While acknowledging that there were lessons to be learned from the development, she said there a lesson to be learned from it in improving garda processes.
And she said the public can help in tackling infringements by other motorists.
She explained: “We very frequently get calls from the public about someone who might be seen taking the two sides of the road or whatever else, so we do welcome calls from the public. We have lots of patrols out between the traffic corps and regular units so if we get a call like that, we will certainly respond to it.” She added: “Everyone of us in our own household environment has a role to play in compliance with the speed limits, wearing the seat belts, not using the mobile phone, making sure that those around us are influenced to do the same thing – especially young people.”
Asst Comm McMahon stressed that the use of handheld mobile phones is “an absolute no no”. She explained: “We have all been in our private cars and glanced to the side and seen someone texting. But you can’t be looking at your phone and looking at the road at the same time. You are risking your own safety but you are also putting others at risk. It is irresponsible behaviour.” Another key priority for gardaí in the southern region this year is crime, particularly burglaries.

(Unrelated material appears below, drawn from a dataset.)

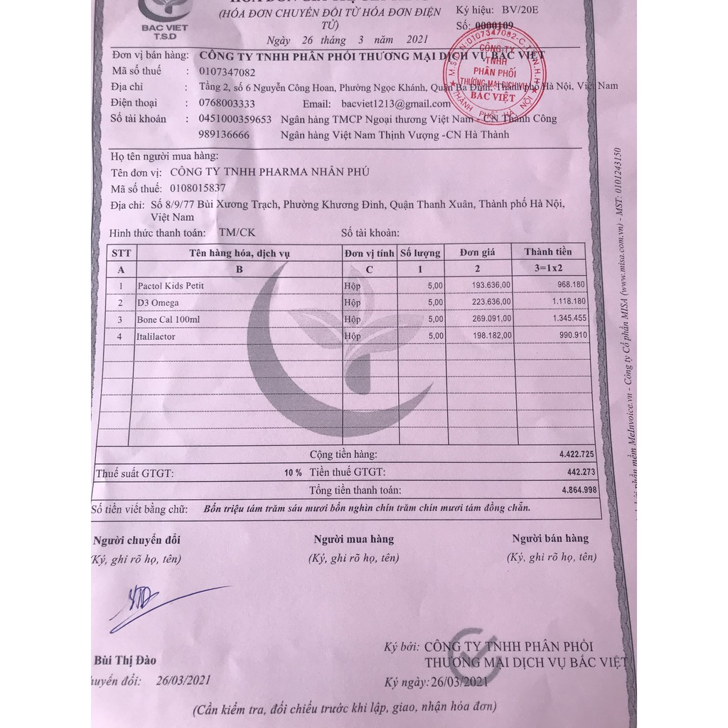 * THÀNH PHẦN TRONG 5ml: – Vitamin D3: 5 mcg – Vitamin K2: 10 mcg – Calcium gluconate: 500 mg tương ứng Calcium: 45mg

Asst Comm McMahon said that the impact of a burglary on a homeowner can be huge, whether or not they are at home when the incident occurs. She said that checkpoints and operations targeting known burglary gangs are being tackled through resources from the national operation called Thor, set up to tackle organised crime, Asst Comm McMahon said there are travelling criminals who have been active in recent weeks in Kerry and Cork, and highlighted that travelling criminals can be difficult to apprehend. And she said: “Just because you catch one group, you cannot take the foot off the pedal. You have to be constantly watching and scanning the environment for someone else coming in.” She said the analysts service for the southern region, based in Anglesea Street, provide fantastic data to gardaí on trends and modus operandi being used by criminals, to help build up a picture of those operating in the southern region.

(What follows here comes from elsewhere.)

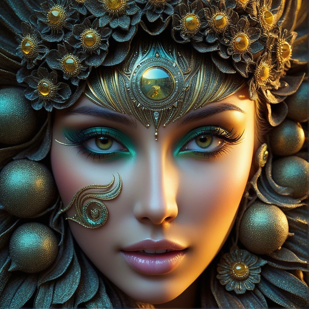Two elegant herons stand by a tranquil river at sunset, surrounded by vibrant flowers and lush greenery. The warm colors of the sky reflect beautifully on the water, creating a serene scene.

She added: “We build our operations around that data.” Asst Comm McMahon said, however, that the public has a huge role to play too in helping gardaí prevent crimes.

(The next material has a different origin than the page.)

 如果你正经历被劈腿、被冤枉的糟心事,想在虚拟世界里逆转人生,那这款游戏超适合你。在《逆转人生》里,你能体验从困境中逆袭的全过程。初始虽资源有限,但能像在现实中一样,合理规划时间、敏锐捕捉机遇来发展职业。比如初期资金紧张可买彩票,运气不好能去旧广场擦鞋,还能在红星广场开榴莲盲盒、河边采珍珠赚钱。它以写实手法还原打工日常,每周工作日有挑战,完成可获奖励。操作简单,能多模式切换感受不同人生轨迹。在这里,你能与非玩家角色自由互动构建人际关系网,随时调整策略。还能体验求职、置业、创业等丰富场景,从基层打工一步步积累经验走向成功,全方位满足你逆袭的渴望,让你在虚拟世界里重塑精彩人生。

She continued: “The text alert scheme is something which is really, really positive and we get lots of calls in about suspicious activity. We really depend on them and appreciate the public taking the time and the effort to make that call.” She urged people who take the trouble to write down the registration details of a suspicious vehicle to pick up the phone to contact gardaí because “you never know where it will help”.
She said any small bit of information can have a role to play in slotting into an overall bigger picture, to help gardaí solve a crime.
But she said there are opportune criminals who take an opportunity as it arises and she urged people to always be thinking of steps such as keeping windows and doors locked to prevent opportunists.
Referring to the unsolved December 7 murder of Aidan O’Driscoll in Blackpool, she said that any small piece of information which just one or two people might have could “make all the difference” to the investigation.
In recent weeks, there have been a number of incidents in Ireland and the UK where incidents were uploaded to social media while investigations were underway. Asst Comm McMahon urged people to remember to be cautious about taking such a step because it can sometimes result in cutting across an investigation.
One such incident included an assault on a Cork woman in Kerry, which was uploaded to social networking sites.
While she would not comment on that case, Asst Comm McMahon said: “There are no secrets anymore, everything is out there, and people are prepared to put it out there. We encourage people to come to us as the police force so we can investigate and pursue things. Sometimes, if things go up on social media, they take over a life of their own and that makes it difficult from an investigative perspective. It does complicate the situation.” And she urged: “In terms of social media, think of the consequence. Once it is out there, it is out there.”